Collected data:

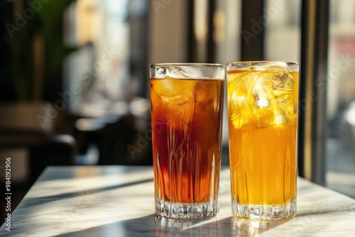 Two tall glasses filled with refreshing drinks, one vibrant yellow and the other rich amber iced tea
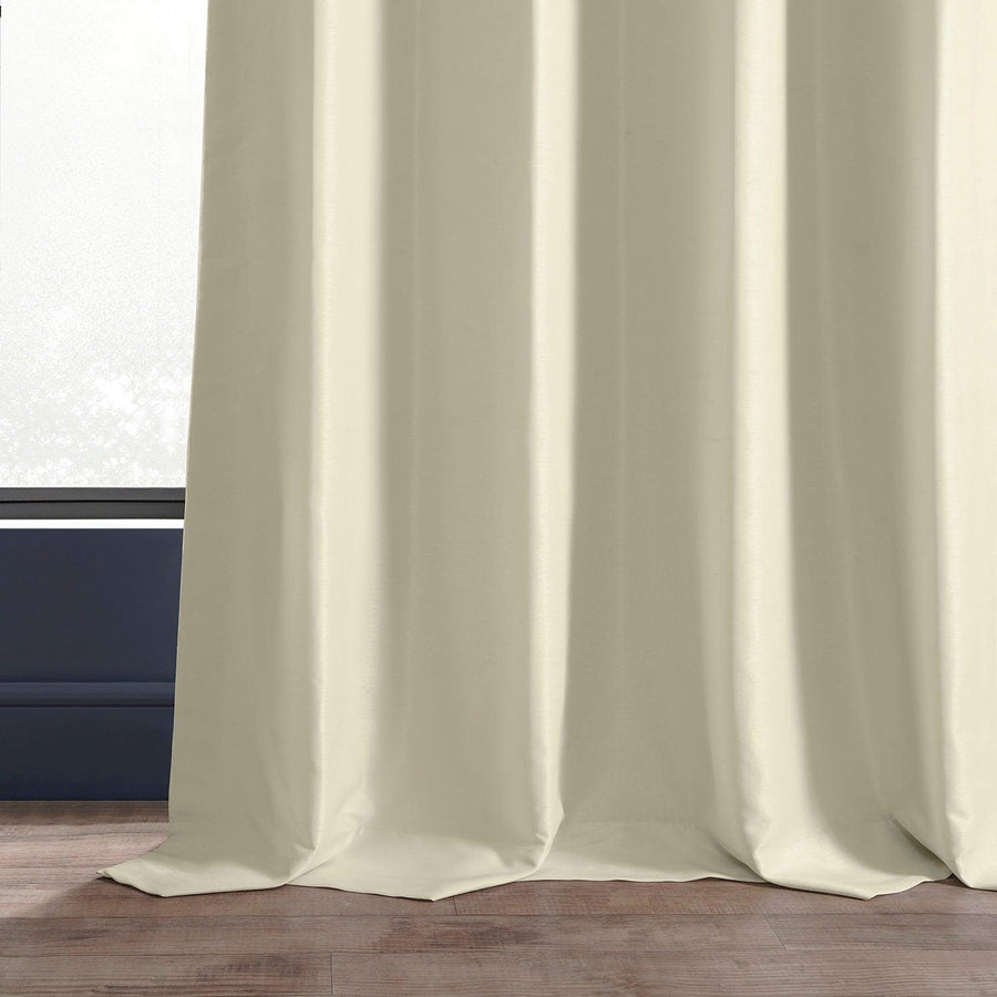 Off White Ruched Vintage Textured Faux Dupioni Silk Curtain
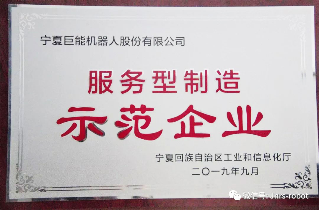 近日,經(jīng)自治區(qū)工信廳評選,寧夏巨能機器人股份有限公司被確定為服務(wù)型制造示范企業(yè),獲得授牌。
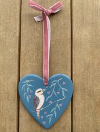 Add a pretty touch to your Christmas tree or brighten up your room with this beautifully handcrafted hanging heart, featuring a lovely kookaburra perched among the red flowering gum. These make lovely gifts for Christmas or for any special occasion.
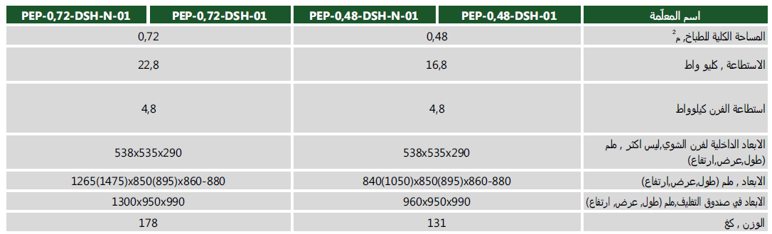 470 ملم . و مع منظم للحرارة لسقف و أرضیة الفرن . درجة الحرارة من 50 إلى 300 درجة . و حمایة x صواني 530
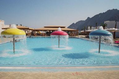 Keywords: pool swimming pool holiday travel summer luxury luxurious elegant resort tourism turquoise water colorful mushrooms screens fountain yellow red blue refreshment scan

[Assignment]: Please keep every line of the data the same when you reproduce it, and keep every picture out.

[Result of the task]:
 Two tall glasses filled with refreshing drinks, one vibrant yellow and the other rich amber iced tea
 Off White Ruched Vintage Textured Faux Dupioni Silk Curtain
 近日,經(jīng)自治區(qū)工信廳評選,寧夏巨能機器人股份有限公司被確定為服務(wù)型制造示范企業(yè),獲得授牌。
 Add a pretty touch to your Christmas tree or brighten up your room with this beautifully handcrafted hanging heart, featuring a lovely kookaburra perched among the red flowering gum. These make lovely gifts for Christmas or for any special occasion.
 470 ملم . و مع منظم للحرارة لسقف و أرضیة الفرن . درجة الحرارة من 50 إلى 300 درجة . و حمایة x صواني 530
 Keywords: pool swimming pool holiday travel summer luxury luxurious elegant resort tourism turquoise water colorful mushrooms screens fountain yellow red blue refreshment scan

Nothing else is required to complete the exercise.